● STORED DATA
%%

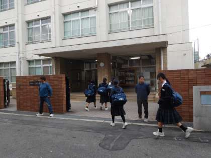 本日の朝登校のようすです。くもり空で冷ややかな朝となっています。今日から2日間2年生が職場体験に行きます。事業所にもよりますが、朝早くから出発する班もありました。がんばってきてください。
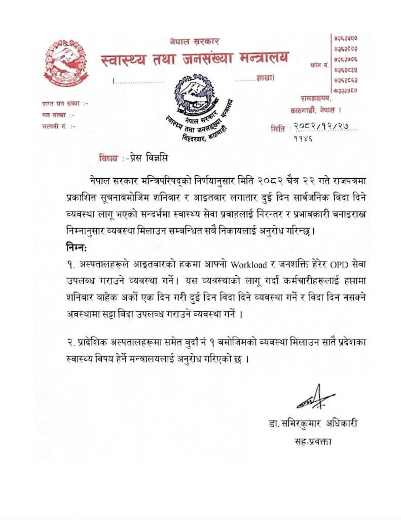 ‘अस्पतालहरूले आइतबारको हकमा आफ्नो वर्कलोड (कामको चाप) र जनशक्ति हेरेर ओपीडी सेवा उपलब्ध गराउने व्यवस्था गर्ने,’ मन्त्रालयले जारी गरेको विज्ञप्तिमा उल्लेख छ, ‘यस व्यवस्थाको लागु गर्दा कर्मचारीहरूलाई हप्तामा शनिबारबाहेक अर्को एक दिन गरी दुई दिन बिदा दिने व्यवस्था गर्ने र बिदा दिन नसक्ने अवस्थामा सट्टा बिदा उपलब्ध गराउने व्यवस्था गर्ने ।’
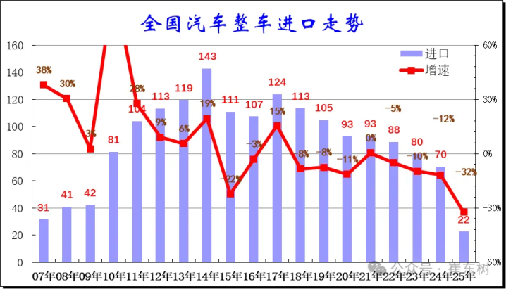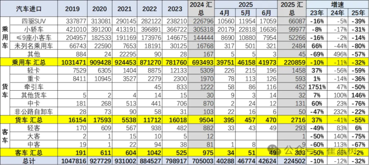 IT之家8月8日消息,乘联分会秘书长崔东树昨日(8月7日)发布博文,报告称2025上半年中国进口汽车数量为22万辆,同比下降32%,出现了近期少见的巨大跌幅,表明汽车进口市场的持续萎缩。
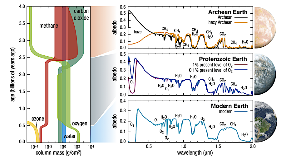 Biosignatures must be considered in the context of their environments to rule out false positives. Possible false positive planets are shown, with relevant spectral features labeled. False positives relevant to oxygenated planets are on the bottom (Phanerozoic, or modern, Earth and Proterozoic Earth); those relevant to anoxic planets (Archean Earth) are on the top. Figure by Samantha Gilbert-Janizek (UW). — astro-ph.IM

%%

Reproduce every line above word for word; no images.

● EXERCISE OUTPUT
 本日の朝登校のようすです。くもり空で冷ややかな朝となっています。今日から2日間2年生が職場体験に行きます。事業所にもよりますが、朝早くから出発する班もありました。がんばってきてください。
 ‘अस्पतालहरूले आइतबारको हकमा आफ्नो वर्कलोड (कामको चाप) र जनशक्ति हेरेर ओपीडी सेवा उपलब्ध गराउने व्यवस्था गर्ने,’ मन्त्रालयले जारी गरेको विज्ञप्तिमा उल्लेख छ, ‘यस व्यवस्थाको लागु गर्दा कर्मचारीहरूलाई हप्तामा शनिबारबाहेक अर्को एक दिन गरी दुई दिन बिदा दिने व्यवस्था गर्ने र बिदा दिन नसक्ने अवस्थामा सट्टा बिदा उपलब्ध गराउने व्यवस्था गर्ने ।’
 IT之家8月8日消息,乘联分会秘书长崔东树昨日(8月7日)发布博文,报告称2025上半年中国进口汽车数量为22万辆,同比下降32%,出现了近期少见的巨大跌幅,表明汽车进口市场的持续萎缩。
 Biosignatures must be considered in the context of their environments to rule out false positives. Possible false positive planets are shown, with relevant spectral features labeled. False positives relevant to oxygenated planets are on the bottom (Phanerozoic, or modern, Earth and Proterozoic Earth); those relevant to anoxic planets (Archean Earth) are on the top. Figure by Samantha Gilbert-Janizek (UW). — astro-ph.IM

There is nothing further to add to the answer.